Let me give you a few quick examples. Just over there in the quad a couple of months ago I was chatting with a former student of Eileen’s, and I asked him if he was reading anything good. He mentioned a novel he was enjoying and said that it was the perfect sort of book to talk about with Eileen. And I could tell that a conversation about literature that went back to one of her classes was still flowing—still flowering—in his mind months, maybe years later. He is one of those lucky people who knew she kept her office door open for hours a day and with great generosity made herself available to students and colleagues who wanted to talk long and deeply about literature and education and society. The example she set is still green in our memory.
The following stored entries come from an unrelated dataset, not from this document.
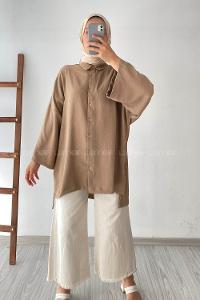 Modalamelif Geniş Yarım Kollu Önü Düğmeli Tunik Camel
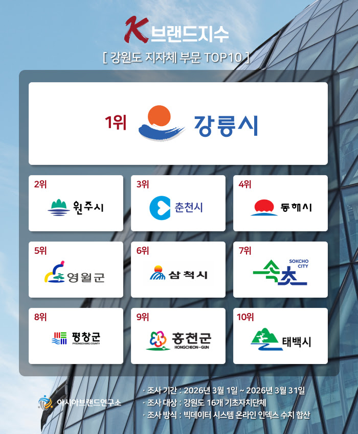 아시아브랜드연구소는 6일 ‘K-브랜드지수’ 강원도 지자체 부문에서 강릉시가 1위를 차지했다고 발표했다. 이는 3월 1일부터 31일까지 강원도 16개 기초자치단체를 대상으로 662만여 건의 온라인 빅데이터를 분석한 결과다. 강릉시는 고유한 문화 관광 자원과 시민 소통 행정의 경쟁력이 종합적으로 반영되어 대한민국 대표 관광 거점도시로서의 굳건한 브랜드 가치를 입증했다. 특히 원주시가 한 단계 상승한 2위에 오르며 꾸준한 상승세를 보였고, 영월군이 역사 도시로 새롭게 자리매김하며 TOP10에 진입했다. 이는 대중의 평가 기준이 단순 인지도를 넘어 ‘지역 맞춤형 인프라’와 ‘지속 가능한 발전 가능성’으로 변화하고 있음을 보여준다.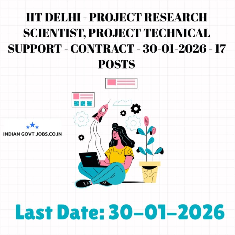 Indian Institute of Technology Delhi (IIT Delhi) invites applications for 17 contract-based posts of Project Research Scientist and Project Technical Support under the SANJEEVANI research project. Candidates with relevant postgraduate qualifications and experience can apply by 30-01-2026. Selection is through…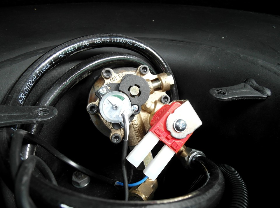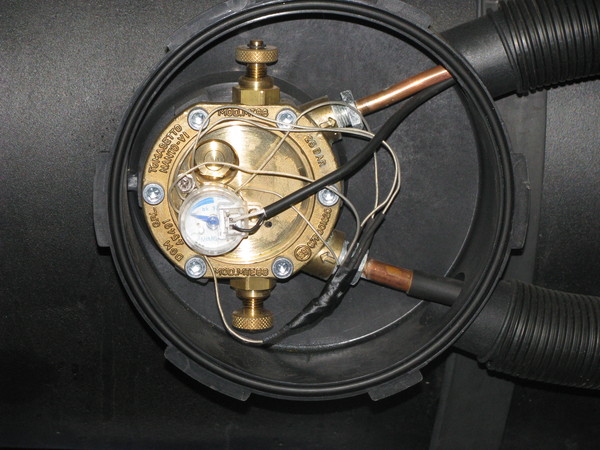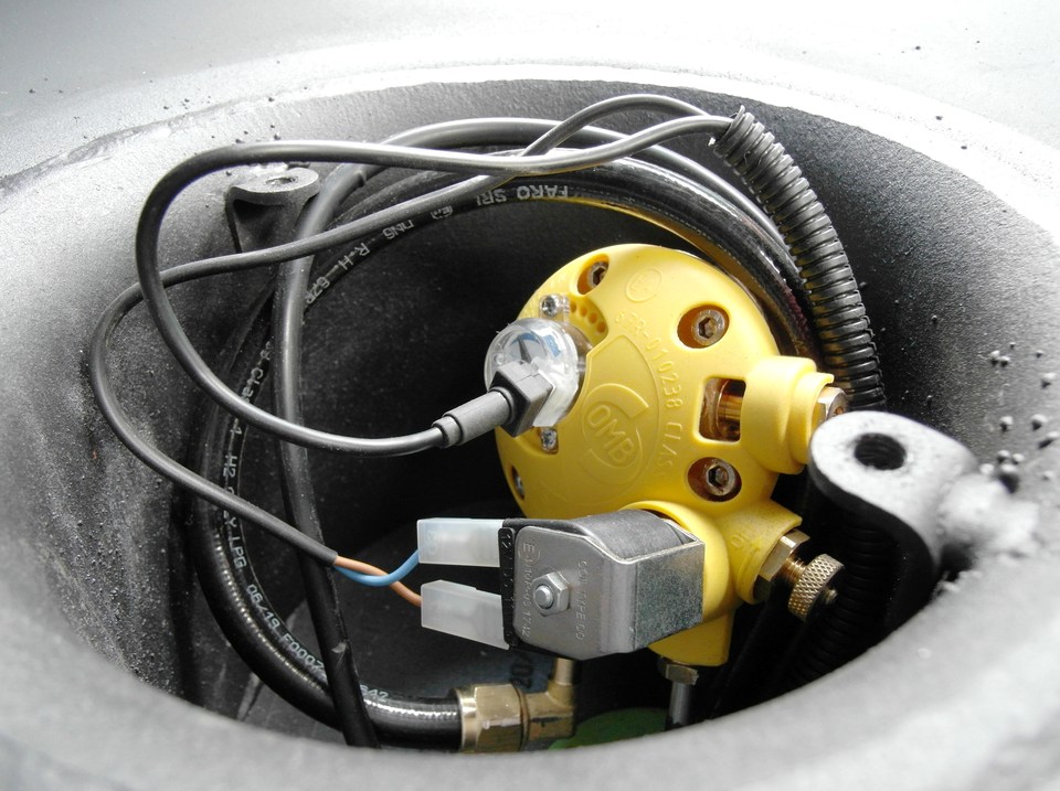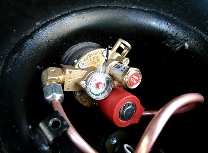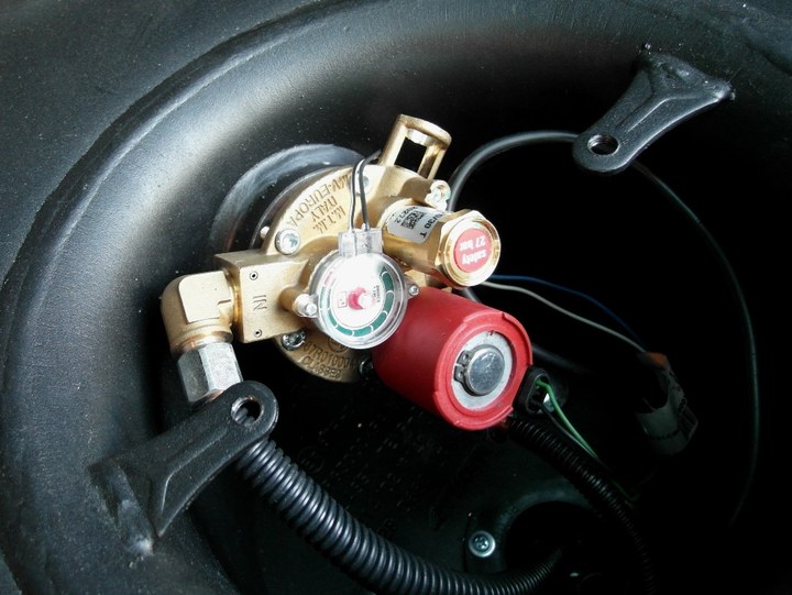 Предохранительный клапан (он же разгрузочный) стравливает избыточное давление газа, которое может появиться, например, из-за перепадов температуры при заезде зимой в теплый бокс или при изменении погодных условий. Механизм настроен на открытие с отметки 2 700 ± 100 кПа, устройство является многоразовым.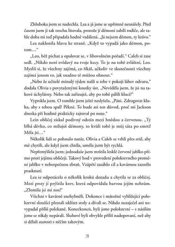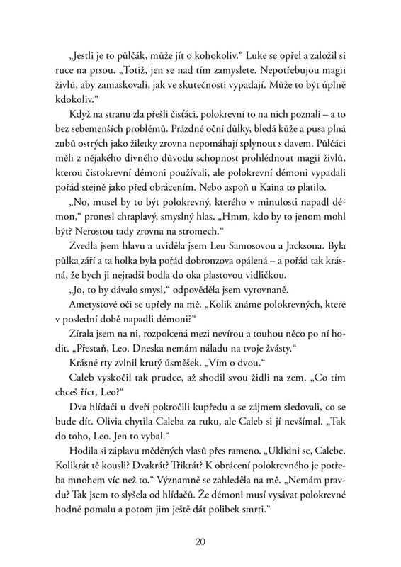 Alexandria je předurčená k tomu, aby se stala nadpřirozeným elektrickým zřídlem. Není to žádná výhra – zvlášť když je její drahá polovička takřka všude, kam se hne. Její propojení se Sethem má i své výhody, ale nedokáže ovlivnit to, co Alex cítí k čistokrevnému Aidenovi. Když do Konventu proniknou démoni a zaútočí na studenty, objeví se fúrie, aby eliminovaly jakoukoli hrozbu… včetně apollyona a Alex. Když jsou v tom zapleteni bohové, některá rozhodnutí prostě nelze vzít zpět.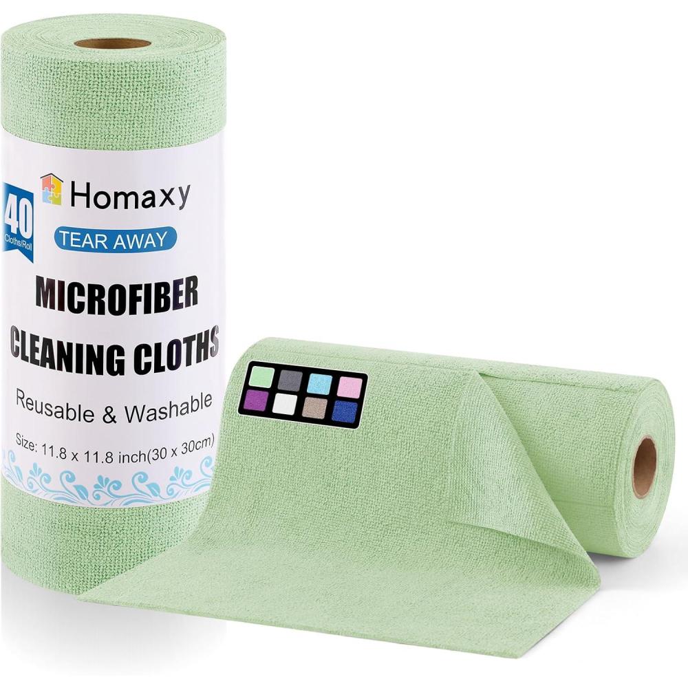 Homaxy Tear Away Dish Cloths Rolls, 75 Sheets-11.8″ X 11.8″, Reusable Washable Dish Towels for Kitchen, Ultra Absorbent and Quick Drying Microfiber Cleaning Rags, Pink(Green)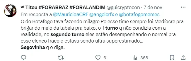 A perda da liderança era inimaginável para o torcedor botafoguense, pois, o Botafogo já chegou a abrir no Campeonato Brasileiro 13 pontos do segundo colocado. Confira abaixo mais reclamações dos botafoguenses quanto ao futebol de Segovinha.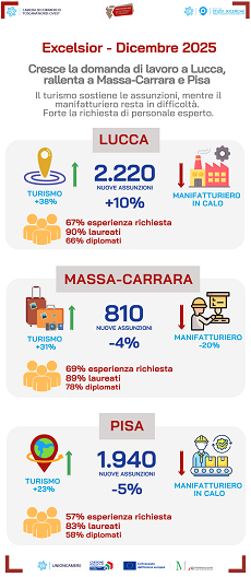 La fotografia del mercato del lavoro di fine anno nelle province di Lucca, Massa-Carrara e Pisa restituisce un quadro in chiaroscuro: da un lato l'occupazione mostra una tenuta nei servizi, grazie al dinamismo del turismo e a una domanda crescente nei comparti della cura alla persona; dall'altro, alcuni settori industriali continuano a soffrire, con ricadute sulle esigenze di personale delle imprese manifatturiere.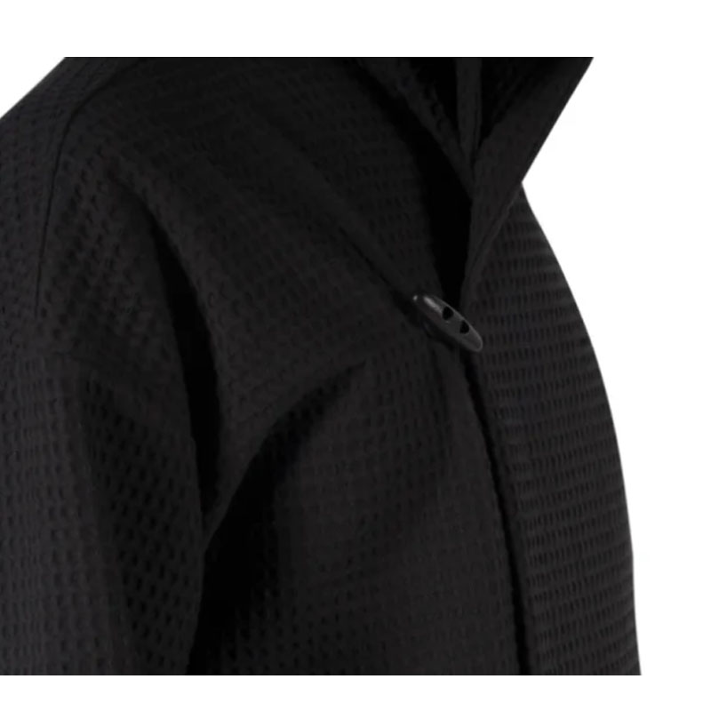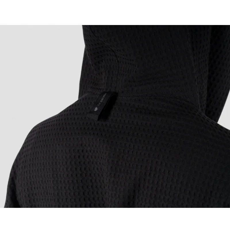 Der körperumschmeichelnde Schnitt des OVO Saunakimonos sorgt für ein angenehmes Tragegefühl. Die Kapuze, die bequem mit einem Knopf befestigt wird, schützt Sie vor kühlem Wind. In den geräumigen Taschen finden eine Flasche Wasser und andere wichtige Dinge Platz.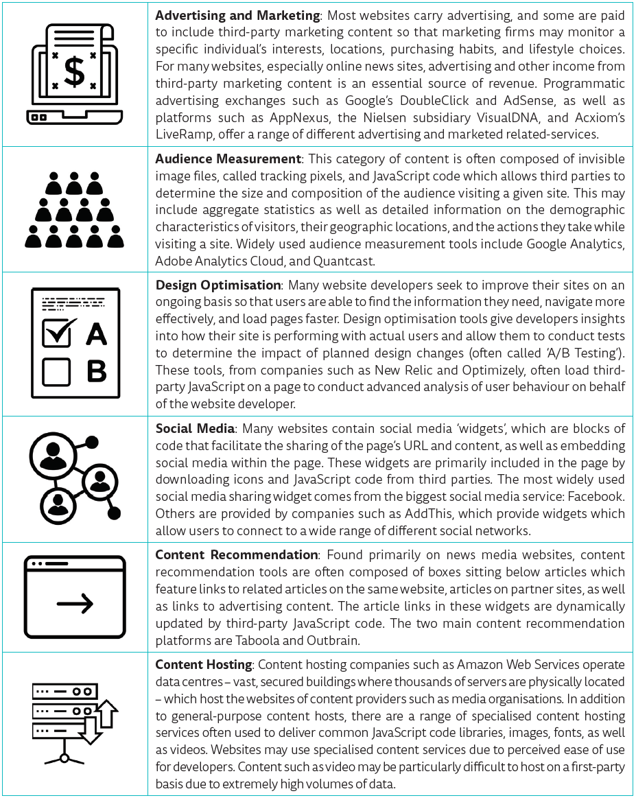 Six dominant use categories are explored in this study: advertising and marketing, audience measurement, design optimisation, social media, content recommendation, and content hosting. They are described in the boxes above: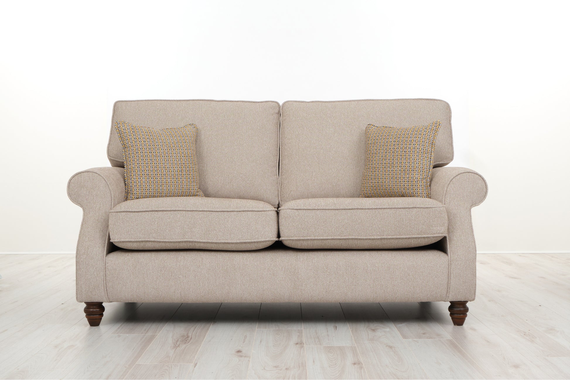 Collins collection continues to inherit the hallmarks of high quality detailing that we associate with the best of Irish manufacturing. Hand finished turned legs bring timeless appeal that work well in city or country homes alike. Every piece is hand crafted with meticulous detailing. Available in store to order in a huge selection of fantastic fabrics. Please note we have paired the Collins collection with a firmer seat foam which works really well with this sofa. if you wish to have a softer foam added this is available so please contact store.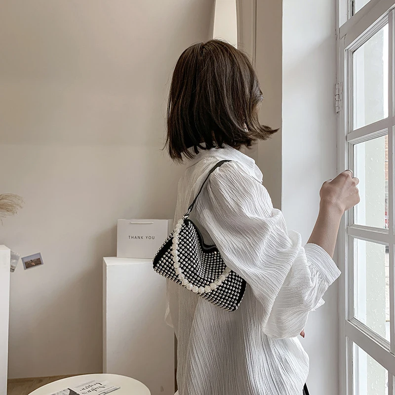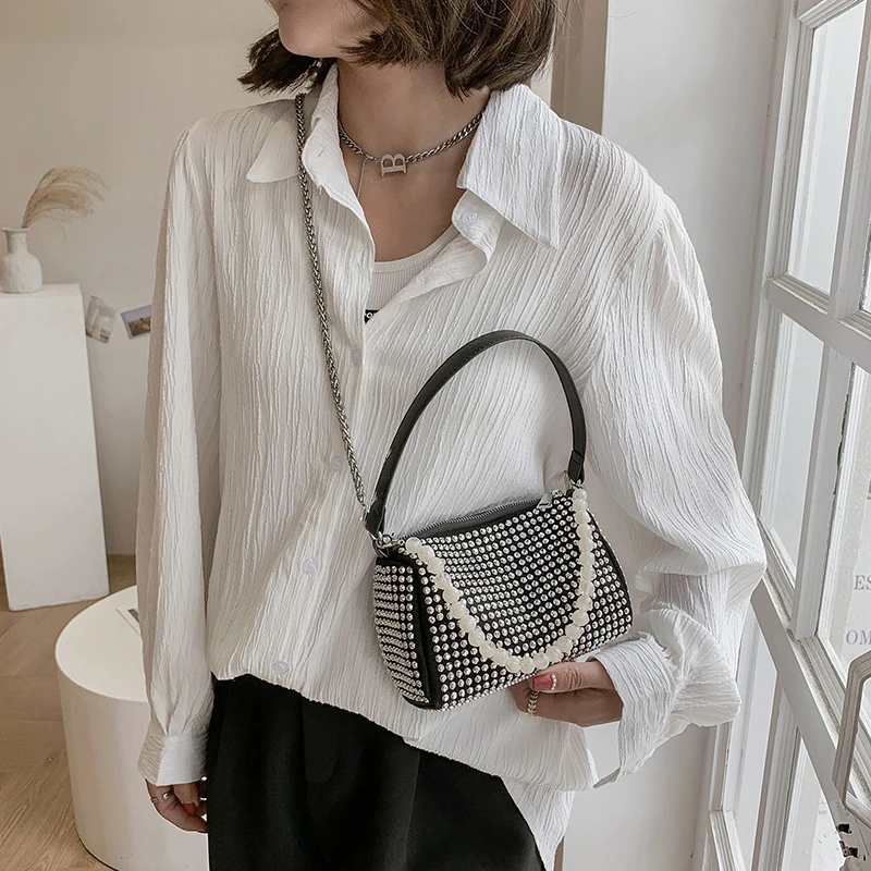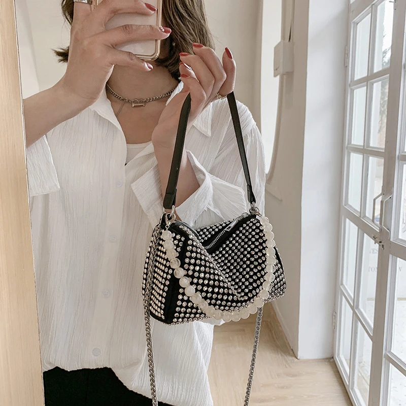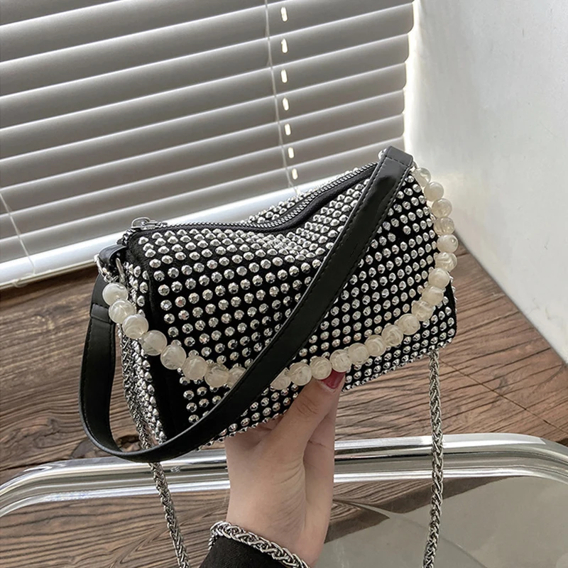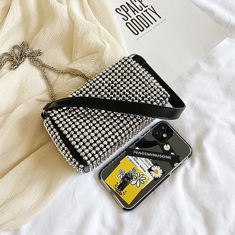 Diamond Crossbody Shoulder Bag Women Small Handbag Clutch Retro Pillow Hobos Bag Lady PU Leather Shiny Party Tote Purse

I think I will never forget the care Harvey took of Eileen in her final years of teaching here. He would fetch her from work at the end of long days. I would see the two of them walking through Wiekamp Hall, Eileen walking really pretty slowly because of her vision, and she and Harvey talking about their days. And while I saw them leave the building together many times, I never could spot the slightest impatience in Harvey even though it cannot have felt very natural for such a tall man to walk so slowly. But it was as if he had somehow over time distilled in his heart a blend of love and service that meant that walking the speed Eileen walked was the perfect speed to walk through life if you get to walk next to Eileen. His example, for me, is evergreen, and I aspire to be as decent a man as Harvey.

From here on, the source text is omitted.